Using the material below, repeat exactly the lines from the one with "60th Birthday Party" through the one with "Ein besonderes Highlight", ends included, without any images.

--- Information shown Enclosed Below ---

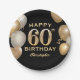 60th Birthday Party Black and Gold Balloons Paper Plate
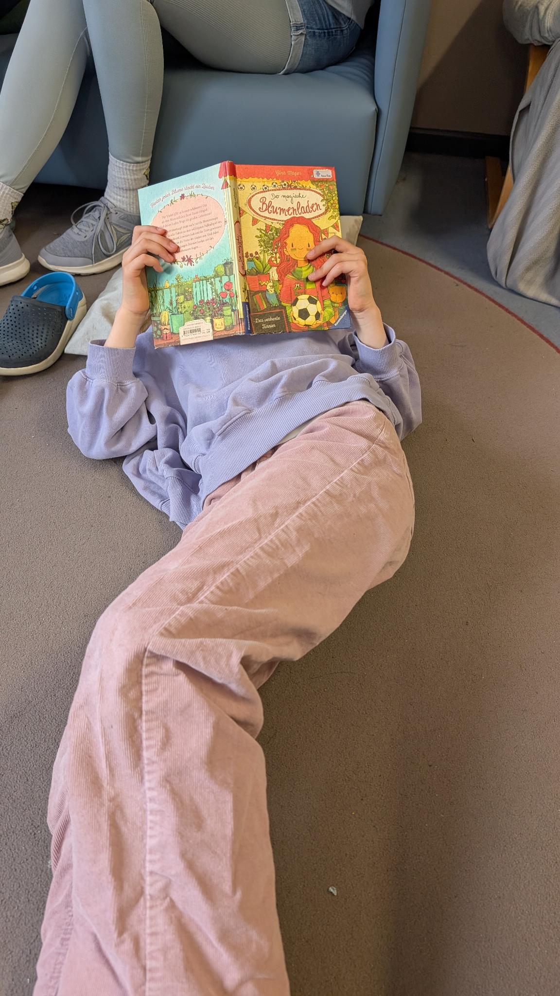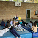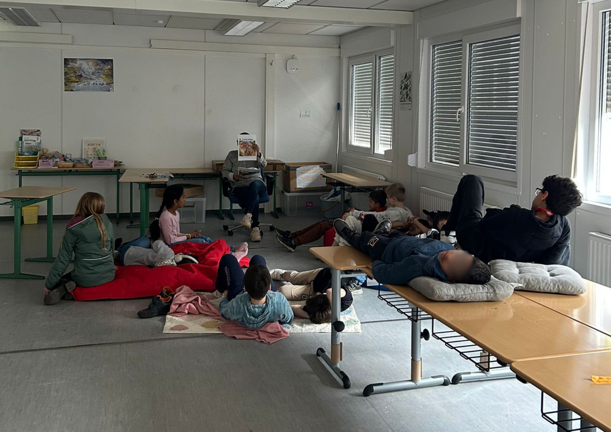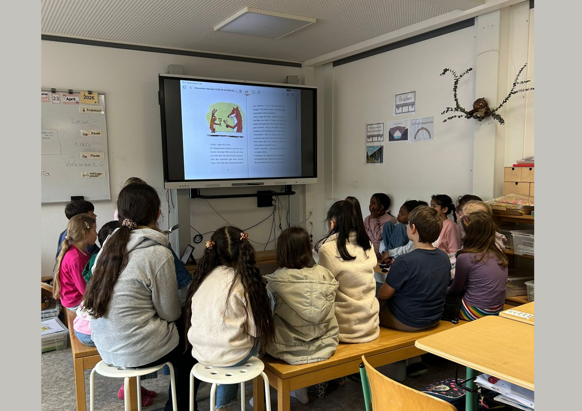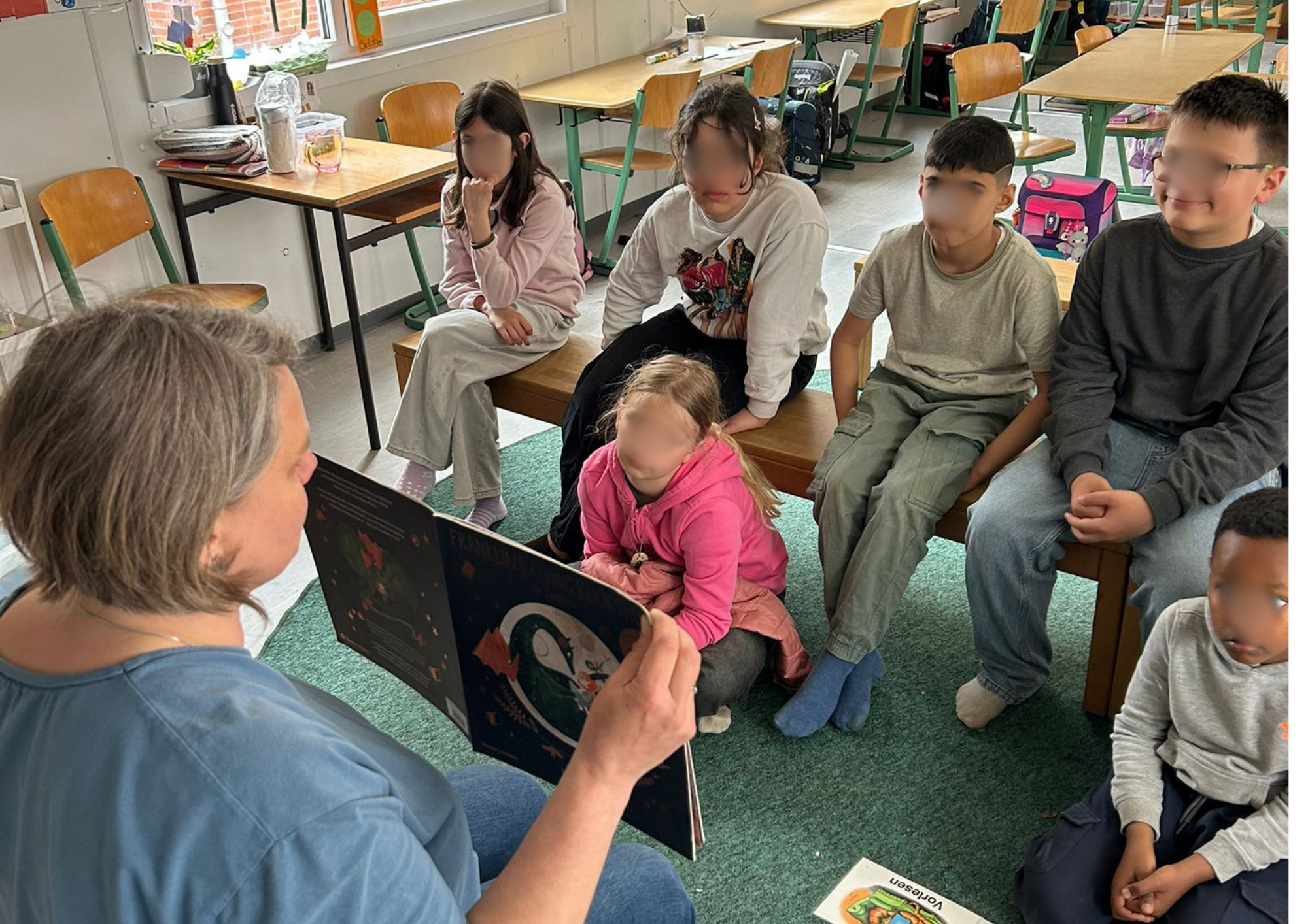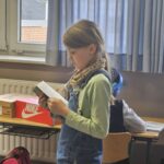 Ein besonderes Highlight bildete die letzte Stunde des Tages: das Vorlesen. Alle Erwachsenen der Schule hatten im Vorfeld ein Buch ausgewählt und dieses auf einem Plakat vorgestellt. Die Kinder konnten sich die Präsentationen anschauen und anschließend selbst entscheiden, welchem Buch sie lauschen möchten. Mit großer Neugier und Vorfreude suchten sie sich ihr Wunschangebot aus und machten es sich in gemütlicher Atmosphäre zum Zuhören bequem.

--- End of Enclosed Information shown ---
--- Information shown Enclosed Below ---

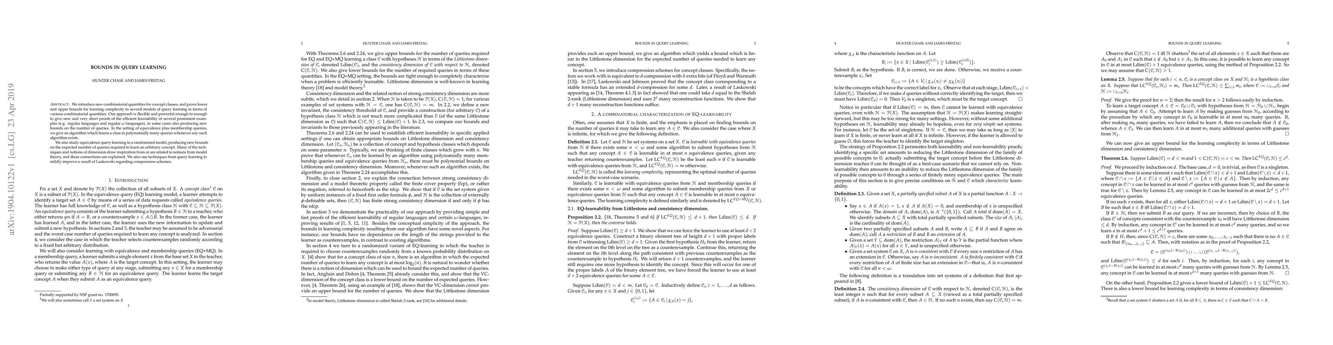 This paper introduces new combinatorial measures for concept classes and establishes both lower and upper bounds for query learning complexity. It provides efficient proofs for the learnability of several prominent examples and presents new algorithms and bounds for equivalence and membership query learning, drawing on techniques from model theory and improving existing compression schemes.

--- End of Enclosed Information shown ---

Response to the exercise
 60th Birthday Party Black and Gold Balloons Paper Plate
 Ein besonderes Highlight bildete die letzte Stunde des Tages: das Vorlesen. Alle Erwachsenen der Schule hatten im Vorfeld ein Buch ausgewählt und dieses auf einem Plakat vorgestellt. Die Kinder konnten sich die Präsentationen anschauen und anschließend selbst entscheiden, welchem Buch sie lauschen möchten. Mit großer Neugier und Vorfreude suchten sie sich ihr Wunschangebot aus und machten es sich in gemütlicher Atmosphäre zum Zuhören bequem.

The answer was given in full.